Many efforts have been deployed by the IR community to extend free-text query processing toward semi-structured XML search. Most methods rely on the concept of Lowest Comment Ancestor (LCA) between two or multiple structural nodes to identify the most specific XML elements containing query keywords posted by the user. Yet, few of the existing approaches consider XML semantics, and the methods that process semantics generally rely on computationally expensive word sense disambiguation (WSD) techniques, or apply semantic analysis in one stage only: performing query relaxation/refinement over the bag of words retrieval model, to reduce processing time.
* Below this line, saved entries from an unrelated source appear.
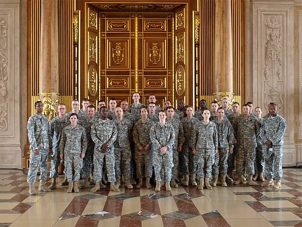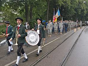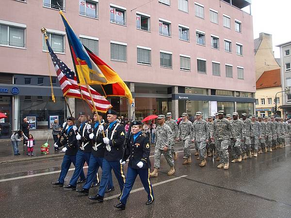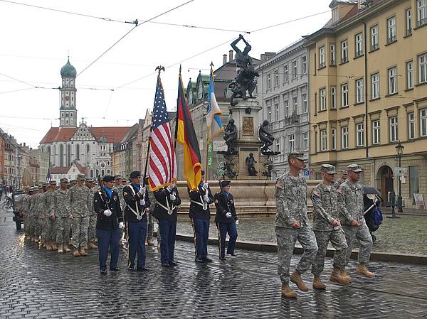 Nachdem Straßenbaustellen und Ferienverkehr die rechtzeitige Teilnahme der 66th Military Intelligence Brigade im Vorjahr vereitelten, revanchierten sich die US-Soldaten aus Wiesbaden heuer nicht nur mit einer pünktlichen, sondern auch mit einer äußerst mann- und frauenstarken Truppe: Brigadekommandeur Colonel Gregory Zellmer und Command Sergeant Major Marc A. Scott vom 24th Military Intelligence Battalion ließen es sich nicht nehmen, mit einer erstmals 55-köpfigen Abordnung incl. Color Guard Augsburg die Ehre zu erweisen.
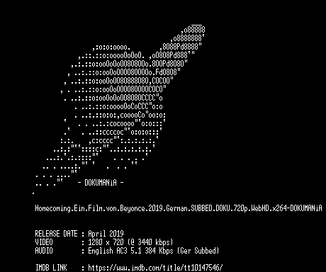 | FiLENAME: | Homecoming.Ein.Film.von.Beyonce.2019.German.SUBBED.DOKU.720p.WebHD.x264-DOKUMANiA.mkv |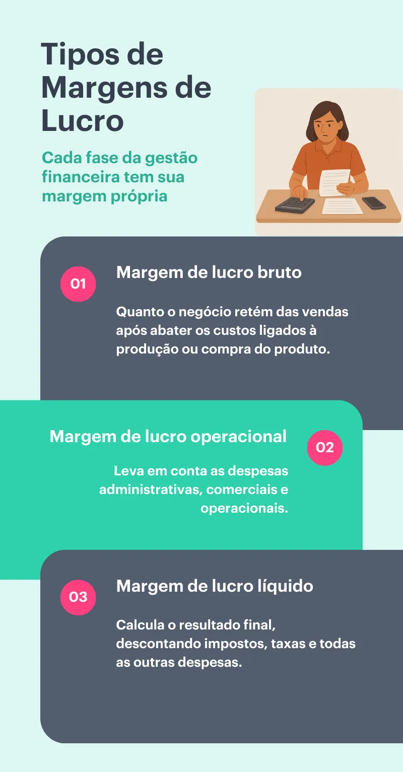 Cada fase da gestão financeira tem sua margem própria, e conhecê-las é chave para decisões bem informadas: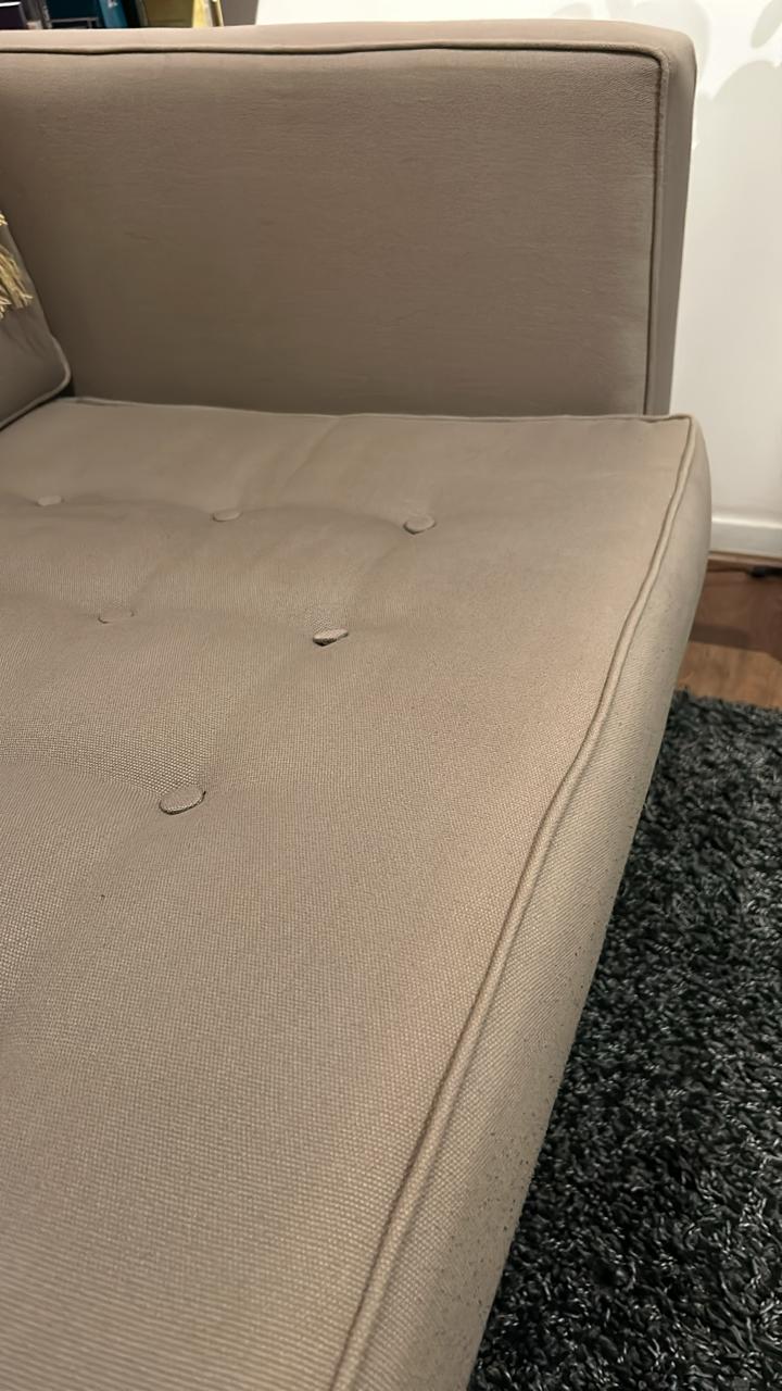 Color beige, base y patas metálicas, cojines reversibles (con y sin costura)

In this paper, we describe a new approach for XML keyword search aiming to solve the limitations mentioned above. Our solution first transforms the XML document collection (offline) and the keyword query (on-the-fly) into meaningful semantic representations using context-based and global disambiguation methods, specially designed to allow almost linear computation efficiency. We use a semantic-aware inverted index to allow semantic-aware search, result selection, and result ranking functionality. The semantically augmented XML data tree is processed for structural node clustering, based on semantic query concepts (i.e., key-concepts), in order to identify and rank candidate answer sub-trees containing related occurrences of query key-concepts. Dedicated weighting functions and various search algorithms have been developed for that purpose and will be presented here. Experimental results highlight the quality and potential of our approach.
查看原文
分享 分享
微信好友 朋友圈 QQ好友 复制链接
本刊更多论文
结合离线和实时消歧来执行语义感知的XML查询
IR社区已经做了很多工作,将自由文本查询处理扩展到半结构化的XML搜索。大多数方法依赖于两个或多个结构节点之间的最低评论祖先(LCA)概念来标识包含用户发布的查询关键字的最特定的XML元素。然而,很少有现有的方法考虑XML语义,处理语义的方法通常依赖于计算代价高昂的词义消歧(WSD)技术,或者只在一个阶段应用语义分析:在词包检索模型上执行查询放松/细化,以减少处理时间。在本文中,我们描述了一种新的XML关键字搜索方法,旨在解决上述限制。我们的解决方案首先使用基于上下文和全局消歧方法将XML文档集合(离线)和关键字查询(实时)转换为有意义的语义表示,这些方法专门设计用于实现几乎线性的计算效率。我们使用语义感知的倒排索引来实现语义感知的搜索、结果选择和结果排序功能。基于语义查询概念(即键概念),对语义增强的XML数据树进行结构化节点聚类处理,以便识别包含相关查询键概念出现的候选答案子树并对其进行排序。专门的加权函数和各种搜索算法已经为此目的而开发,并将在这里介绍。实验结果突出了我们方法的质量和潜力。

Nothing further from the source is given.